Raising Pension Age Ensures Russian Birthrate will Continue to Fall, Experts Say

Paul Goble

            Staunton, May 16 – The Putin regime’s decision to raise the age at which Russians can retire has put a delayed action mine under the country’s prospects: Without grandmothers healthy enough to look after infants, many potential parents will decide not to have any children at all, driving down the birthrate and contributing to Russia’s demographic decline.

            Gennady Alpatov, an economist at St. Petersburg State University, says that the pension reform has hit families with children most of all and will lead ever more potential parents to decide not to have children at all, exactly the opposite decision that the government wants them to make (

                In the past, the scholar continues, the pension system was designed in such a way that grandparents could play an important social role in looking after young children, allowing both parents to work and reducing the amount of money the government has to spend on kindergartens and day care of one kind or another.

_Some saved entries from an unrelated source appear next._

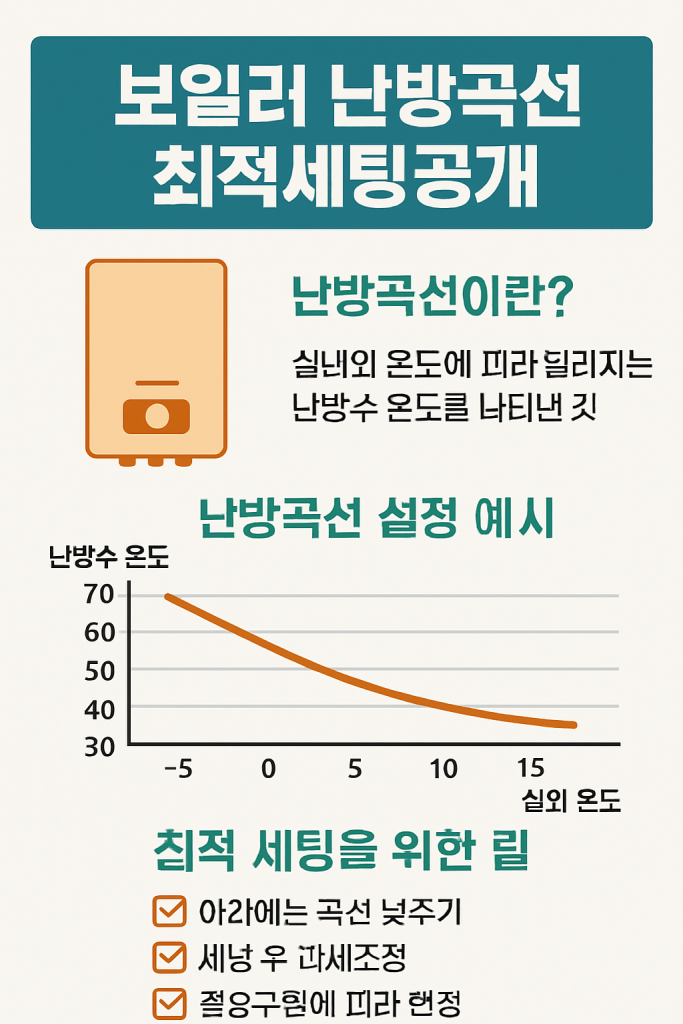 겨울만 되면 실내는 썰렁한데 난방비 고지서는 뜨겁게 나와 답답할 때가 많습니다. 온도만 올리면 따뜻해지지만 가스요금이 무섭고, 아낀다고 낮추면 발만 시린 반쪽짜리 난방이 되기 쉽습니다. 이 글에서는 온도 버튼을 감으로 누르지 않고, 보일러 난방곡선 최적세팅공개라는 개념으로 우리 집에 맞는 난방 그래프를 설계하는 방법을 단계별로 정리합니다. 난방곡선 원리와 주거 형태별 기준값, 실전 세팅 루틴, 자주 생기는 문제 해결법까지 모두 담았으니, 끝까지 읽으면 이번 겨울에는 “난방은 편하게, 요금은 덜 나오게”라는 현실적인 목표에 한층 가까워질 것입니다.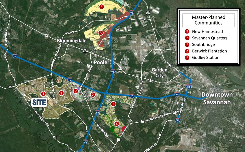 The property is located at the entrance to New Hampstead at GA Highway 204 and Highgate Boulevard. New Hampstead is a 4,300-acre master-planned development. The development includes 10,000 residential units projected at full build-out, two (2) public schools, an expansive Nature Preserve, a planned City Park, as well as various retail and commercial developments. New Hampstead features multiple entrances, with this one only seven (7) miles west of I-95 (Exit 94), a second six (6) miles northwest of Highway 17 (Ogeechee Road) at Little Neck Road, and a third at the interchange of Little Neck Road and I-16 (Exit 152). Directly west on GA Highway 204, it is less than 10 miles from the community of Ellabell, where the Hyundai Motors Electric Vehicle plant is nearing completion. The immediate area has become extremely attractive to local, regional and national businesses and is poised for high growth in the immediate future.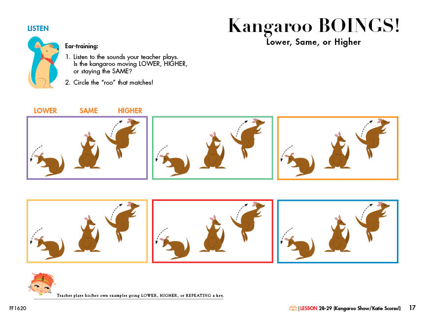 Developing the ear and training the eye of the young child is a key component of the Writing Book A. Tucker, the mascot dog who loves to LISTEN, is always on the scene as the young child imitates, matches, and creates rhythmic and melodic patterns. The multi-cultural friends present improvisation and simple, guided composition activities. Blinker, the owl who loves to LOOK, helps students recognize patterns of rhythms and notes, and introduces sightreading. The Writing Book offers a holistic, musical approach to theory through discovery, creativity, imagination, and fun!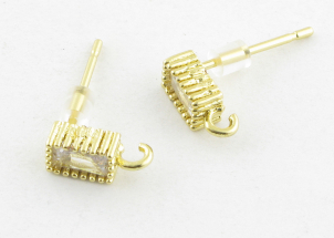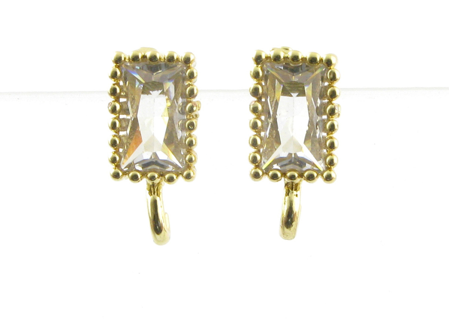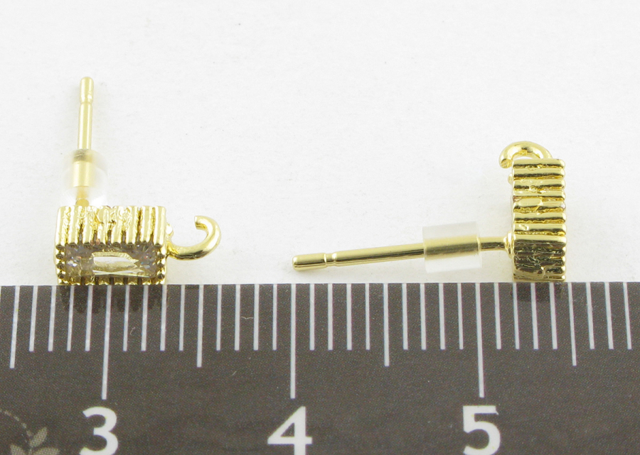 Пусеты Прямоугольник с кристаллом, Премиум, 18К позолота, латунь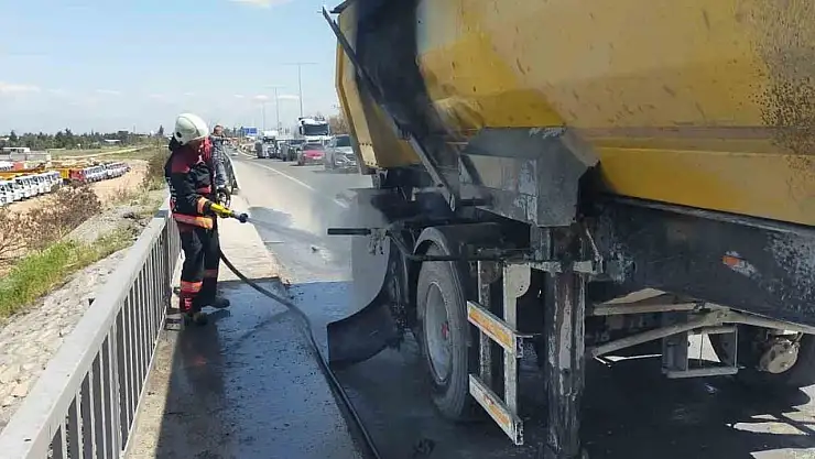 Hafriyat kamyonunun lastiğinde çıkan yangın korkuttu

            By raising the pension age to the point where many older people will not feel well enough to look after young children, the Putin regime has destroyed much of that valuable system and now faces costs far greater than any benefits to the budget it may calculate it has gained.

            Valery Koltashov, the head of the Center for Political-Economic Research at Moscow’s New Society Institute, agrees. He says that increasing the pension age will not only cause families to decide to have fewer children in the future but have extremely negative effects on housing and the economy now.

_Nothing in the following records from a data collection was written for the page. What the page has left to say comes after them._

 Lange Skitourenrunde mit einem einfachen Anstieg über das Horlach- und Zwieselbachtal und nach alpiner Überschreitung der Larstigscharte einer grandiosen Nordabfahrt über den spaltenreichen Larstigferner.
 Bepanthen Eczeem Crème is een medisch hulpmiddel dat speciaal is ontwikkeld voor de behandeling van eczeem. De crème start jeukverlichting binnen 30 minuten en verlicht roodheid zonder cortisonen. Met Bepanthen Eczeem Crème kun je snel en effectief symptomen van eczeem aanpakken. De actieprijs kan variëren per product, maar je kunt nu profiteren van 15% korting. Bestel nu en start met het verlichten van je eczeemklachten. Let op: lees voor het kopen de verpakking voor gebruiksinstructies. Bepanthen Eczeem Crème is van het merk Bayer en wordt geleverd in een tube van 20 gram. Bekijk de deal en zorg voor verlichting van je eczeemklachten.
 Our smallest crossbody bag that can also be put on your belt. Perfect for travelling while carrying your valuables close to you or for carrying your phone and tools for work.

            On the one hand, if one parent has to stay home to take care of young children for seven to nine years, that family will not be able to purchase an apartment and will suffer deprivations as well.  And on the other, the absence of that individual from the workforce will make it ever more difficult to maintain the number of workers the economy needs to function.

            As a result, Koltashov says, “the pension reform looks very harmful both from the point of view of the economy and from the point of view of social policy.” It was not carefully thought out, he continues, and “is generating serious problems for millions of families and not only for those the government simply stole several years” by forcing them to work longer.